Following CME Group's Bitcoin futures trading launch, just a week after its counterpart CBOE, the markets are reacting.

The display of a bitcoin ATM is seen in Zurich, Switzerland December 19, 2017. REUTERS/Arnd Wiegmann

It’s been, as it always is, a wild couple of weeks for the world of cryptocurrencies, but not for the same usual reasons.

Yes, there were crazy price swings, Litecoin quadrupled in price over a couple of days, Ethereum was up 70% in under 24 hours, and Bitcoin, the world’s most famous cryptocurrency, broke record-high after record-high settling, if that is possible, between USD18,000 and USD19,800, depending on which minute you were looking.

But the novelty of the last few weeks was the launch of Bitcoin Futures trading on a couple of North American stock exchanges.

Put simply, stock futures are financial instruments that allow traders to bet on the future price of a stock. They are common in any stock exchange and they tend to allow the market some price stability as they act as a barometer of market sentiment.

Beyond that, they are highly regulated, which contrasts dramatically with the current state of cryptocurrency market that operates beyond the control of any state institution.

On the evening of Sunday 10 December, the Chicago-based CBOE launched the trade for the first time and the reactions were clear. two trade-freezes were necessary to calm the constant price hikes.

The day wrapped up with a 26% price increase. The only thing more volatile than bitcoin that day was, you guessed it, Bitcoin Futures.
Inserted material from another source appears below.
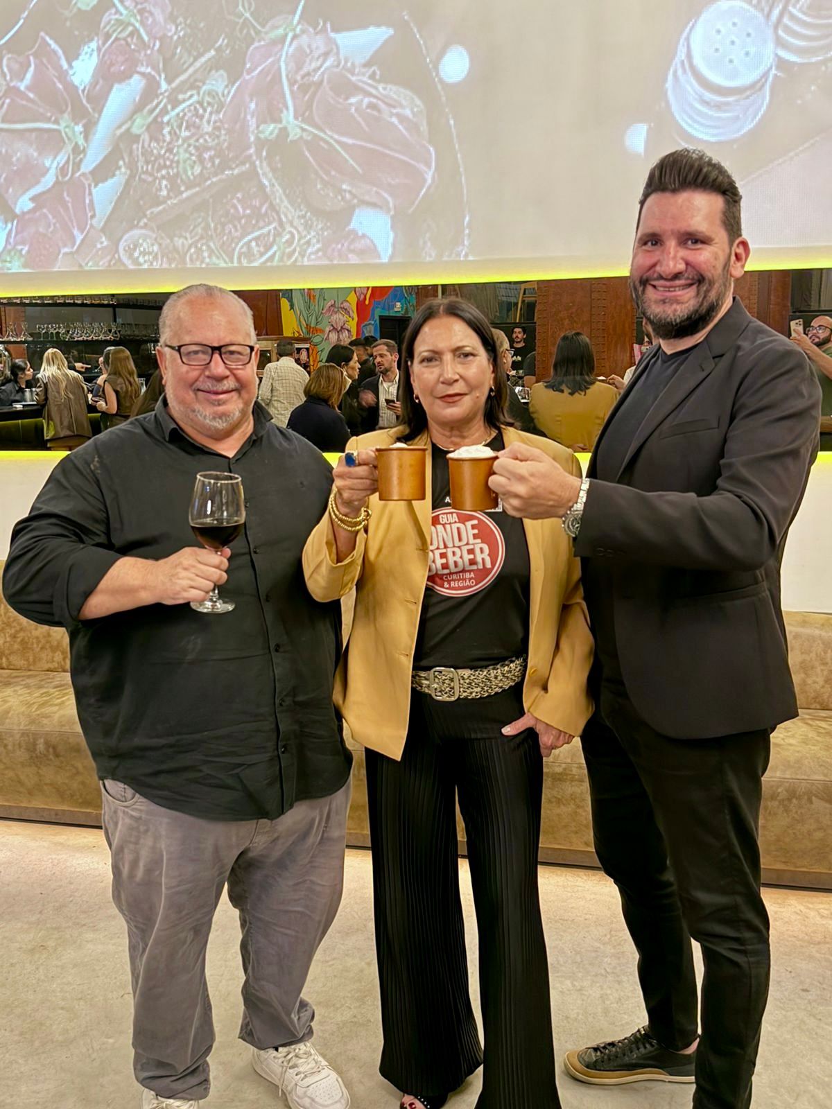 Sérgio Medeiros e Nilceia Almeida com Juliano Maia no lançamento do aplicativo Guia Onde Beber Curitiba, parceria entre a Curitiba Honesta e o Minha Gula Curitiba. Com assinatura de R$49,90 ao ano, o usuário pede uma bebida e ganha outra em cerca de 100 bares e cafeterias da cidade. O double inclui drinks, chope, vinho, café, suco e até milkshake.

The Chicago Mercantile Exchange (CME) Group offered a similar instrument, followed by TD Ameritrade, the largest online brokerage futures operator. In January, Nasdaq, the world’s second stock exchange, will launch its own version of Bitcoin Futures.

Beyond this frenetic market activity, the launch of these financial instruments has a deeper meaning for the crypto world as Bitcoin becomes ever more recognized as a de facto value holder by traditional financial institutions.

As always, it is uncertain how much the Futures hype affected the retail price of Bitcoin but it is likely that a lot was pumped into the coin to play on the expectation of capital inflows from big Wall Street investors.

If that was the case, then a lot of people will be disappointed. It seems major stock exchange investors are much more cautious than the average John Doe.

Yes, the price rise on Monday was impressive and Bitcoin Futures were trading thousands of dollars above the coin’s retail price. However, at a trade volume of USD41 million, it represented a speck in the horizon of Bitcoin’s over USD2 billion daily retail trade.

It is likely that last week’s investors were at the fringes of the market and were more willing to take a bigger risk in being the first to try out the new mechanism. Traditional investors are holding off to find out the result of the first futures contracts, which will expire on January 17. Then, if things go well, they will start allocating cash for the investment.

That is where the crypto-community fears stock exchange markets can start to take control of the cryptocurrency world by putting up major positions in a market dominated by small investors. The futures options will be capped, but within the crypto world, a contract maximum of BTC5,000 investment, as set by the CME, represents over USD80 million in investment. This sort of major investment position could severely affect an already extremely volatile market.

For now, the futures market will not affect the average Bitcoin investor, but as financial institutions circle to take their share of the market, things might change.

If Bitcoin wants to retain its raison d’íªtre as the poster boy of the decentralization of money and the empowerment of the individual, Wall Street will be only the first of many battles, and one you don’t want to miss out on.